It is the second problem from my maths notebooks, which is still unsolved. I translated it from Russian, so their may be some discrepancies in translation. So, I also added image.
First problem was Geometry Problem about Cyclic Quadrilateral.
The circle $S_1$ with centre $C_1 (a_1 , b_1)$ and radius $r_1$ touches (or tangent to) externally the circle $S_2$ with centre $C_2 (a_2 , b_2)$ and radius $r_2$. Their common tangent passes through the origin.
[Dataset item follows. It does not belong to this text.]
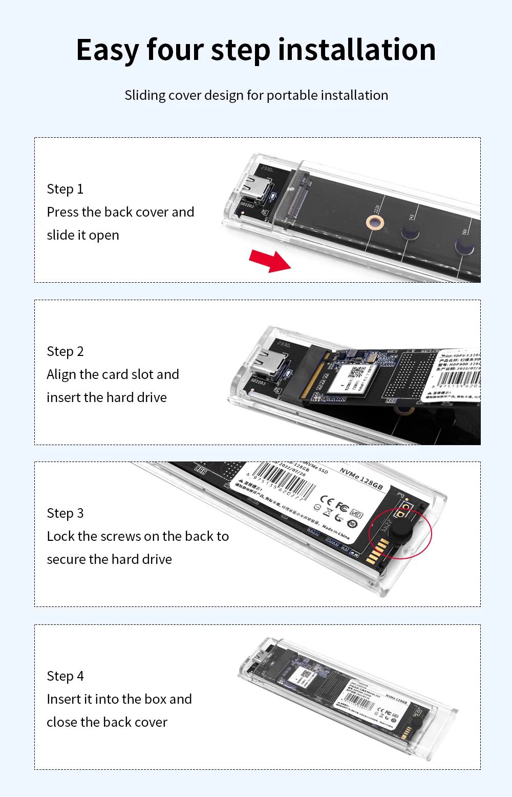 Этот внешний карман предназначен для подключения твердотельных накопителей M.2 NVMe к компьютерам, ноутбукам, мобильным устройствам и другим совместимым устройствам через интерфейс Type-C. Он поддерживает современные протоколы передачи данных, обеспечивает высокую скорость работы и удобную установку без сложных инструментов.

Show that, $(a_1)^2 - (a_2)^2 + (b_1)^2 - (b_2)^2 = (r_1)^2 - (r_2)^2 \; \; \; $ (i)
If, also other tangents from origin are perpendicular, prove that $|a_2b_1 -a_1b_2| = |a_1a_2 + b_1b_2| \; \; \; $ (ii)
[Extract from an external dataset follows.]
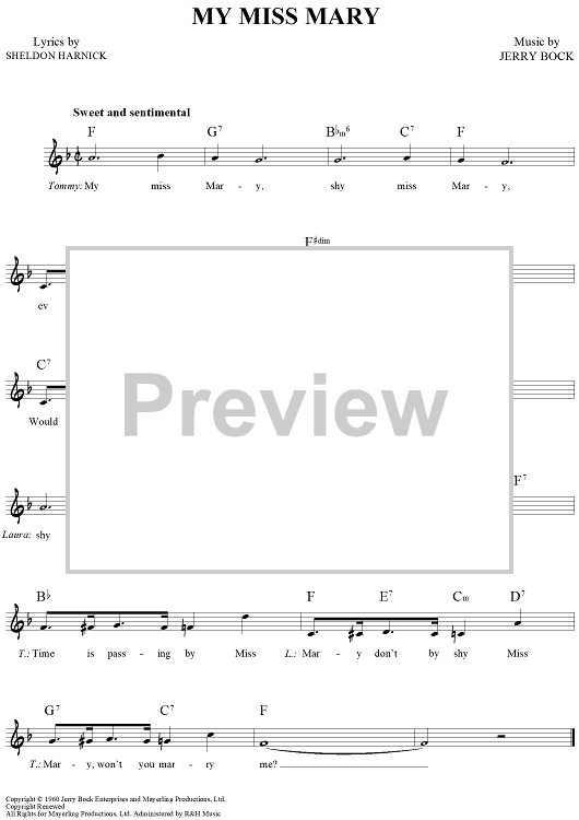 Digital Sheet Music for My Miss Mary by Jerry Bock, Sheldon Harnick scored for Lead Sheet; id:460924

I have solved (i), so I need solution only for (ii).
Use the fact that angle $C_1OC_2 = \frac {\pi} 4$
So the angle between x-axis and $ OC_1$ is $\frac \pi 4$ more or less than angle between x-axis and $OC_2$
Hint: Use compound angle formulae and $\frac {b_1}{a_1}$ and $\frac {b_2}{a_2}$.